Like, learn a new concept in one example that lets you think about new things in just milliseconds much better than anybody ever could before they have that concept. And then all of that together with culture, again, building things collectively now over generations of human time. Understanding those mechanisms and their interactions, mechanisms that adaptively build new adaptive mechanisms as evolution has done, as culture has done, that's, ultimately, where it's at.

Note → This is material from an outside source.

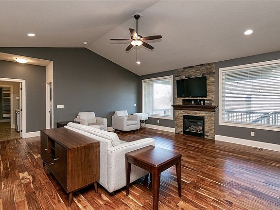 You are sure to fall in love with this Drake Homes resale, on a quiet Cul-de-sac within the Johnston School District. The main level features just shy of 2,000 sq ft of luxury finishes, including 9ft walls with vault in living room, full stone fireplace and wall dividing kitchen from living room, hardwood floors throughout, and massive windows everywhere you look. The masters suite boasts a full tile shower, large closet that flows through to the laundry room with wood shelving, and vaulted ceilings. Downstairs features a large wet bar, 9 ft ceilings, office with glass french doors, tons of natural light from oversized windows, a 4th bedroom and bathroom. The fully fenced in backyard features, established trees, a covered deck on the main level, patio on the walkout level and landscaping around the entire home. Call today for a private showing! All information obtained from seller and public records.

And that's especially important when you think not just about individual human minds and brains but looking up and looking down, when you look to the cells and circuits that make up the brain, their remarkable efficiency and energy usage, the fact that only 20 watts of power energy per unit time makes this thing go. Rather than having to run a huge data center and the ways that the big companies are scaling those up to truly planet-size energy users, right?
There has to be a better, more efficient use. Or scaling up, where does knowledge ultimately come from again? Like science and other cultural means, those are the most efficient means of generating knowledge about the world. They don't go on inside individual human minds, but they go in with other kinds of mechanisms. So ultimately, a true science and engineering of intelligence that integrates across all those scales is going to be the way to build a vision of artificial and natural intelligence working together to make us truly actually smarter and better off. So that's our roadmap. And let's hand it over to Leslie now.